→ **What you will do**: Keep the pictures out, please, and set down every record exactly.

→ **Extracted data**:
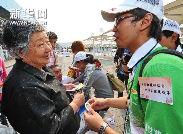 10月16日,志愿者在世博園為一位來自寧波85歲的戴桂芳老人送上鮮花和紀念徽章。新華社記者 張國俊 攝
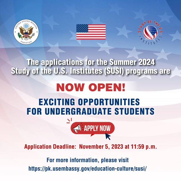 We are excited to announce a fantastic opportunity for undergraduate students from Pakistan who have a keen interest in Comparative Public Policymaking. Youre invited to apply for the Study of the United States Institute for Student Leaders SUSI Exchange Program, which offers an enriching academic experience. This fully funded six-week program will take place at the University of Massachusetts, starting from late June to early August 2023, provided it can be conducted in person. The students can get the detailed information regarding SUSI Exchange Program in USA Opportunity for Pak Students.
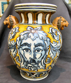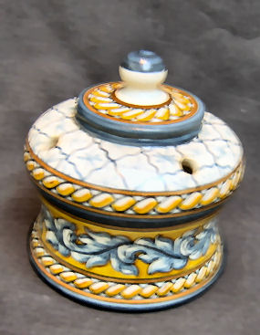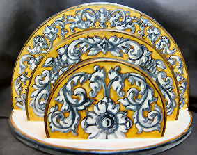 Teresa es el nombre de la esposa del artista, no me he preguntado el por qué usa este nombre, un día se lo voy a preguntar?)))) Ellos son del pueblo de Puente del Arzobispo en Toledo, que está situado en el centro de España. El trabaja solo y lo hace todo él mismo, fabrica muy pocas piezas, viéndolas comprenderán el porqué. El detalle en las piezas es increíble, en alguna pieza he hecho una foto más detallado de forma que pueden ver lo que quiero decir. Tengo clientes que vienen todos los años con la esperanza de encontrar alguna pieza suya, desgraciadamente como pueden ver, tengo muy pocas piezas suyas. El ha hecho la vajilla para nuestra princesa Elena (la mayor), cuando se casó. Algunas de las piezas que ven en las fotos, son las mismas que fueron hechas para ella, pero con la diferencia que en el centro había pintado su escudo real. Obviamente no puedo vender estas piezas, pero podemos hacer piezas para ustedes con su escudo familiar o con lo que quieran en el centro. Pero prepárense a pagar bastante dinero, ya que es muy caro. La razón es muy sencilla, tomaría meses en hacer una vajilla, y tiempo es dinero. Están viendo lo que se conoce como estilo renacimiento, que es muy laborioso. Otra diferencia importante es que este artista usa unos esmaltes mates, mientras que todos los demás unan esmaltes con brillo. Esto le da a su trabajo un aspecto mucho más sobrio, pero a la vez único en su género. Por favor también entren en esta página web: www.mijasceramic.com o escríbanos a: NUESTRO E-MAIL |
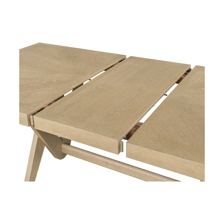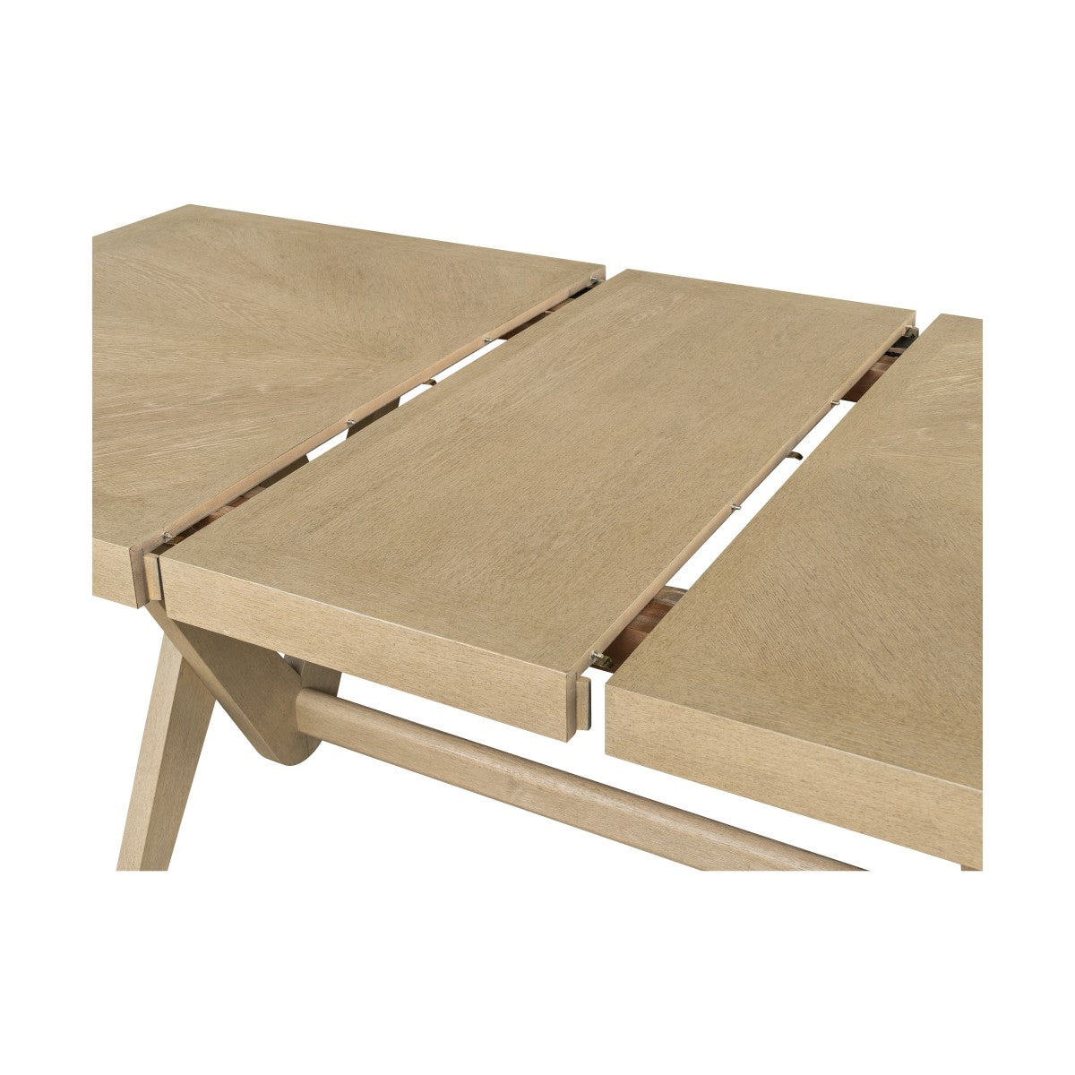 The spacious rectangular table features a clean-lined silhouette supported by a bold geometric base that adds architectural character to your dining space. An 18-inch extension leaf allows you to easily accommodate additional guests, making it perfect for both everyday family meals and special gatherings. The 18mm tabletop and sturdy 70mm apron provide structural stability while maintaining a streamlined, modern profile.
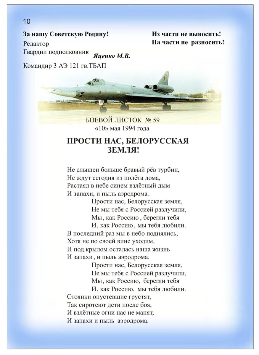 Denn: Vom 121. Schweren Garde-Bomberregiment (121 Гв ТБАП, 121 Gw TBAP), das ebenfalls in Belarus stationiert war und ebenfalls die Tu-22 flog, gibt es ein etwa zeitgleich entstandenes Video, das eindeutig dieses Gedicht zeigt.
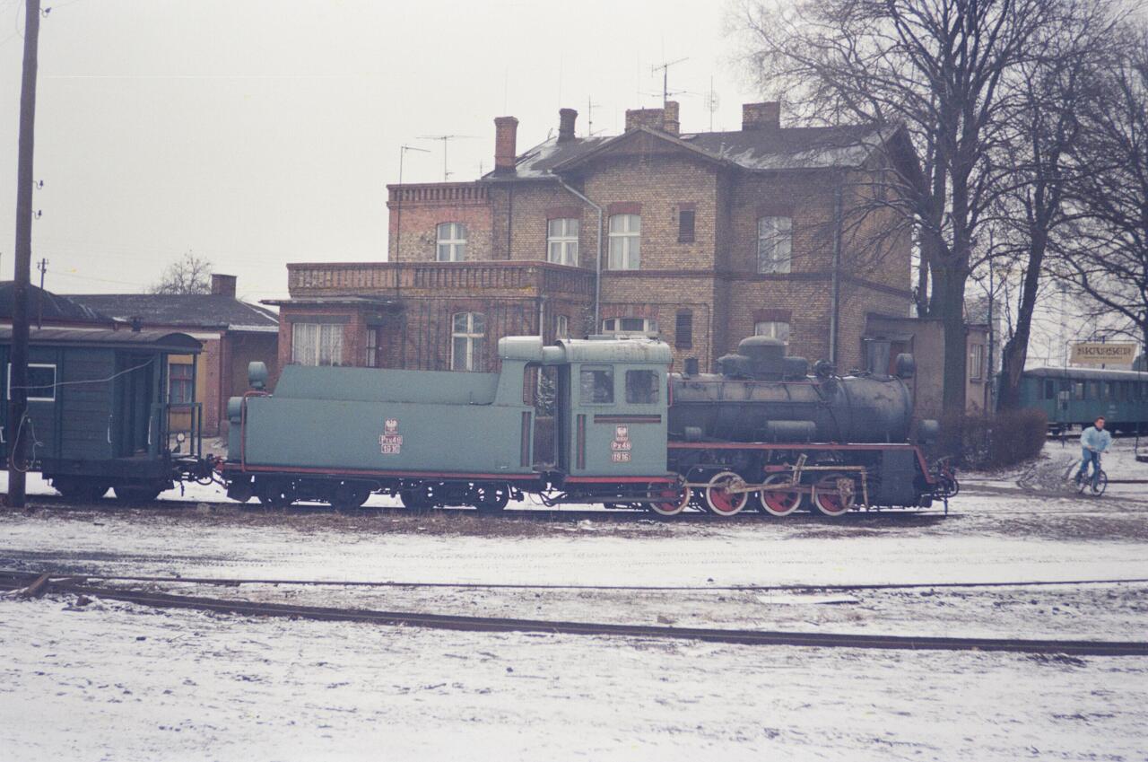 Stacja Opalenica Wąskotorowa - wygaszony parowóz Px48-1916. W prawo - kierunek Lwówek Wąskotorowy.
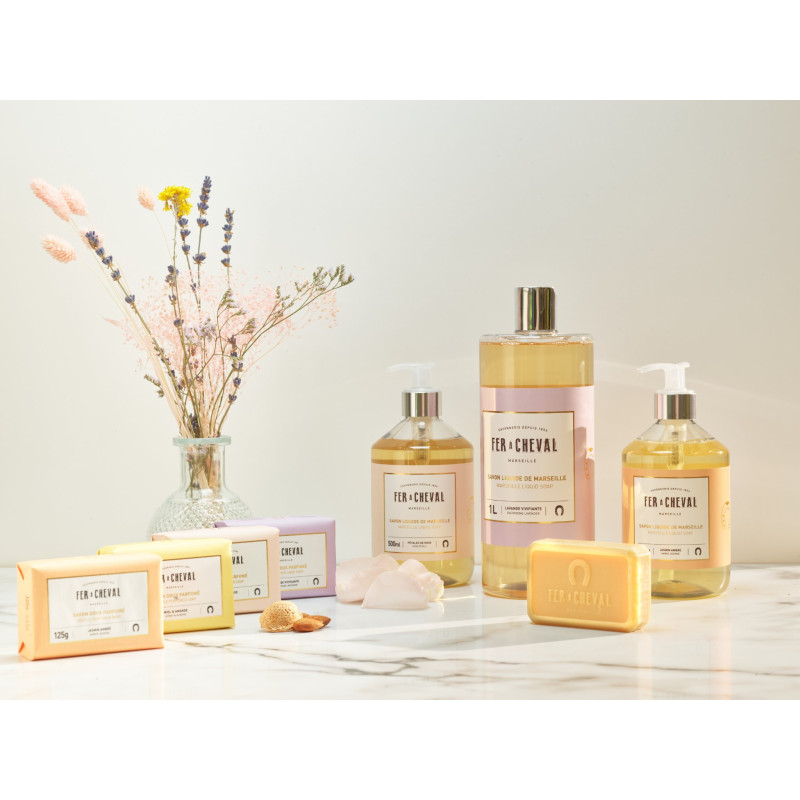 Le savon liquide de Marseille Thé Blanc & Yuzu est disponible en version familial 1L. Le Savon Liquide de Marseille Thé Blanc & Yuzu associe l’huile d’amande douce pour ses vertus apaisantes, à l’huile de coco pour offrir une mousse riche et onctueuse. Naturellement glycériné, ce savon surgras nettoie tout en douceur, et laisse sur la peau parfum subtil aux notes de thé blanc infusé au yuzu.
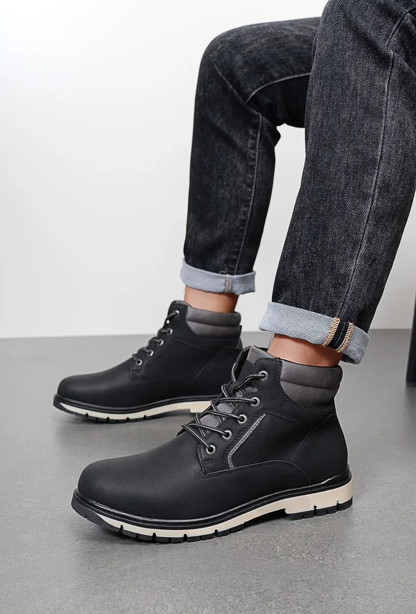 Bottines montantes lacets col matelassé
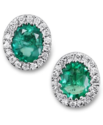 Emerald (5/8 ct. t.w.) & Diamond (1/10 ct. t.w.) Oval Halo Stud Earrings in 14k White Gold

→ **Exercise solution**:
 10月16日,志愿者在世博園為一位來自寧波85歲的戴桂芳老人送上鮮花和紀念徽章。新華社記者 張國俊 攝
 We are excited to announce a fantastic opportunity for undergraduate students from Pakistan who have a keen interest in Comparative Public Policymaking. Youre invited to apply for the Study of the United States Institute for Student Leaders SUSI Exchange Program, which offers an enriching academic experience. This fully funded six-week program will take place at the University of Massachusetts, starting from late June to early August 2023, provided it can be conducted in person. The students can get the detailed information regarding SUSI Exchange Program in USA Opportunity for Pak Students.
 Teresa es el nombre de la esposa del artista, no me he preguntado el por qué usa este nombre, un día se lo voy a preguntar?)))) Ellos son del pueblo de Puente del Arzobispo en Toledo, que está situado en el centro de España. El trabaja solo y lo hace todo él mismo, fabrica muy pocas piezas, viéndolas comprenderán el porqué. El detalle en las piezas es increíble, en alguna pieza he hecho una foto más detallado de forma que pueden ver lo que quiero decir. Tengo clientes que vienen todos los años con la esperanza de encontrar alguna pieza suya, desgraciadamente como pueden ver, tengo muy pocas piezas suyas. El ha hecho la vajilla para nuestra princesa Elena (la mayor), cuando se casó. Algunas de las piezas que ven en las fotos, son las mismas que fueron hechas para ella, pero con la diferencia que en el centro había pintado su escudo real. Obviamente no puedo vender estas piezas, pero podemos hacer piezas para ustedes con su escudo familiar o con lo que quieran en el centro. Pero prepárense a pagar bastante dinero, ya que es muy caro. La razón es muy sencilla, tomaría meses en hacer una vajilla, y tiempo es dinero. Están viendo lo que se conoce como estilo renacimiento, que es muy laborioso. Otra diferencia importante es que este artista usa unos esmaltes mates, mientras que todos los demás unan esmaltes con brillo. Esto le da a su trabajo un aspecto mucho más sobrio, pero a la vez único en su género. Por favor también entren en esta página web: www.mijasceramic.com o escríbanos a: NUESTRO E-MAIL |
 The spacious rectangular table features a clean-lined silhouette supported by a bold geometric base that adds architectural character to your dining space. An 18-inch extension leaf allows you to easily accommodate additional guests, making it perfect for both everyday family meals and special gatherings. The 18mm tabletop and sturdy 70mm apron provide structural stability while maintaining a streamlined, modern profile.
 Denn: Vom 121. Schweren Garde-Bomberregiment (121 Гв ТБАП, 121 Gw TBAP), das ebenfalls in Belarus stationiert war und ebenfalls die Tu-22 flog, gibt es ein etwa zeitgleich entstandenes Video, das eindeutig dieses Gedicht zeigt.
 Stacja Opalenica Wąskotorowa - wygaszony parowóz Px48-1916. W prawo - kierunek Lwówek Wąskotorowy.
 Le savon liquide de Marseille Thé Blanc & Yuzu est disponible en version familial 1L. Le Savon Liquide de Marseille Thé Blanc & Yuzu associe l’huile d’amande douce pour ses vertus apaisantes, à l’huile de coco pour offrir une mousse riche et onctueuse. Naturellement glycériné, ce savon surgras nettoie tout en douceur, et laisse sur la peau parfum subtil aux notes de thé blanc infusé au yuzu.
 Bottines montantes lacets col matelassé
 Emerald (5/8 ct. t.w.) & Diamond (1/10 ct. t.w.) Oval Halo Stud Earrings in 14k White Gold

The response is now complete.